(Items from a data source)
▽
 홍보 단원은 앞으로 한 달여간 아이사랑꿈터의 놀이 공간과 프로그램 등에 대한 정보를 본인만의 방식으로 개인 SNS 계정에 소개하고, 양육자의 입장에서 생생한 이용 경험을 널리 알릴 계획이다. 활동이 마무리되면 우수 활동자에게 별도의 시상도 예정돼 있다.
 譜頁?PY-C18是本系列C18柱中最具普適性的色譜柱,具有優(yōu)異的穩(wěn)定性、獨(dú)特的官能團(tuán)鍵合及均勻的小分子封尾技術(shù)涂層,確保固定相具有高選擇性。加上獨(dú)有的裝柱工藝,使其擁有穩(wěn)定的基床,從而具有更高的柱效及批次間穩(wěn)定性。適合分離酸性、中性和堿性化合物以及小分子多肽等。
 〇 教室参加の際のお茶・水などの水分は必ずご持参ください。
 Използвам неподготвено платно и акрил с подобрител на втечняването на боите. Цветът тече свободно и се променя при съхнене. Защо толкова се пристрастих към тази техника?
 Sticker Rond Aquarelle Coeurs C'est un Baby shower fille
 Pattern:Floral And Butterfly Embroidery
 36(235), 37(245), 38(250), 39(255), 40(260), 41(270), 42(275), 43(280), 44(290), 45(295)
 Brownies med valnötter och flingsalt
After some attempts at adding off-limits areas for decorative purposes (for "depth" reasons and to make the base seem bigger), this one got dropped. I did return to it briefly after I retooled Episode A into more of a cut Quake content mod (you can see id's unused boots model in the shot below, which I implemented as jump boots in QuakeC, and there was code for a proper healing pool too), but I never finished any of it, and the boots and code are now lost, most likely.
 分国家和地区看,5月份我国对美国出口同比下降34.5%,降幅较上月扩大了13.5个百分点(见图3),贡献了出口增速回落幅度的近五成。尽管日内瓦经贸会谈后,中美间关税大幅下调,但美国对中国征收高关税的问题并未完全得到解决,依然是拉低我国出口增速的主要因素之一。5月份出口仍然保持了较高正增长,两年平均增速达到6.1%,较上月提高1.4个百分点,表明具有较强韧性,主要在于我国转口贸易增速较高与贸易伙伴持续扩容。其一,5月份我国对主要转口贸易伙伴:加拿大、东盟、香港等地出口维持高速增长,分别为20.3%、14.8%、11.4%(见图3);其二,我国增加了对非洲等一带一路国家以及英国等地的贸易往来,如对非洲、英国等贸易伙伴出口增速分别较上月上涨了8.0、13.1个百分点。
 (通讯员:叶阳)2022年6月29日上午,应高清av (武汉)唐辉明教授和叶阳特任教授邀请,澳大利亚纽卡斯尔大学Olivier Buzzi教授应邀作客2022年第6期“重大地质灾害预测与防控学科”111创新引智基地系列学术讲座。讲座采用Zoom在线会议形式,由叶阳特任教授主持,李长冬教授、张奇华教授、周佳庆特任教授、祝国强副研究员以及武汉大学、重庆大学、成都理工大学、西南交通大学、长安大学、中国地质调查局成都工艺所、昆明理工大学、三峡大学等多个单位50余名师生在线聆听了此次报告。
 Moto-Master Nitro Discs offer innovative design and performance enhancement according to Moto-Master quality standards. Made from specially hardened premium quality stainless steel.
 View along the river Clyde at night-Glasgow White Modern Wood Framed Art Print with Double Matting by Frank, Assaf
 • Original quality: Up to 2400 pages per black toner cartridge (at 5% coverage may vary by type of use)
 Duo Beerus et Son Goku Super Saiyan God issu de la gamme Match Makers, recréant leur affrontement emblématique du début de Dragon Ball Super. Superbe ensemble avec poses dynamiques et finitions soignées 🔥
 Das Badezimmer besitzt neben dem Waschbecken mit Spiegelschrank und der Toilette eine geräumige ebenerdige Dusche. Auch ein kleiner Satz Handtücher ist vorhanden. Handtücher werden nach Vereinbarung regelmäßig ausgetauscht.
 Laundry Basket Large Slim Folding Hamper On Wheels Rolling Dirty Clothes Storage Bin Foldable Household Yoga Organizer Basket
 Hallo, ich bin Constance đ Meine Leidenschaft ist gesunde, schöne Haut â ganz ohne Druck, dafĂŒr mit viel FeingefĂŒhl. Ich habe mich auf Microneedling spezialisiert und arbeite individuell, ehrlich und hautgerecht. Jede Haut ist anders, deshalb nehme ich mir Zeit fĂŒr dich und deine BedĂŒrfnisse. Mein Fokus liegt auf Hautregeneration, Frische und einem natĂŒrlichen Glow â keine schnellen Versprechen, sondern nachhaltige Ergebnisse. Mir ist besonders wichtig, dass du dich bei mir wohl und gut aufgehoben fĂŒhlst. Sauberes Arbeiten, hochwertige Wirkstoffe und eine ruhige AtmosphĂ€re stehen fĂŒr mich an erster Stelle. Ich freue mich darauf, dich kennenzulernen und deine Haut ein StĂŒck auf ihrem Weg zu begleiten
△
* _TASK REQUIREMENTS_: Exact copies of the lines from the start of the data up to the line holding "Pattern:Floral And Butterfly Embroidery", both included, are all that is needed.

* _FINISHED TASK_:
 홍보 단원은 앞으로 한 달여간 아이사랑꿈터의 놀이 공간과 프로그램 등에 대한 정보를 본인만의 방식으로 개인 SNS 계정에 소개하고, 양육자의 입장에서 생생한 이용 경험을 널리 알릴 계획이다. 활동이 마무리되면 우수 활동자에게 별도의 시상도 예정돼 있다.
 譜頁?PY-C18是本系列C18柱中最具普適性的色譜柱,具有優(yōu)異的穩(wěn)定性、獨(dú)特的官能團(tuán)鍵合及均勻的小分子封尾技術(shù)涂層,確保固定相具有高選擇性。加上獨(dú)有的裝柱工藝,使其擁有穩(wěn)定的基床,從而具有更高的柱效及批次間穩(wěn)定性。適合分離酸性、中性和堿性化合物以及小分子多肽等。
 〇 教室参加の際のお茶・水などの水分は必ずご持参ください。
 Използвам неподготвено платно и акрил с подобрител на втечняването на боите. Цветът тече свободно и се променя при съхнене. Защо толкова се пристрастих към тази техника?
 Sticker Rond Aquarelle Coeurs C'est un Baby shower fille
 Pattern:Floral And Butterfly Embroidery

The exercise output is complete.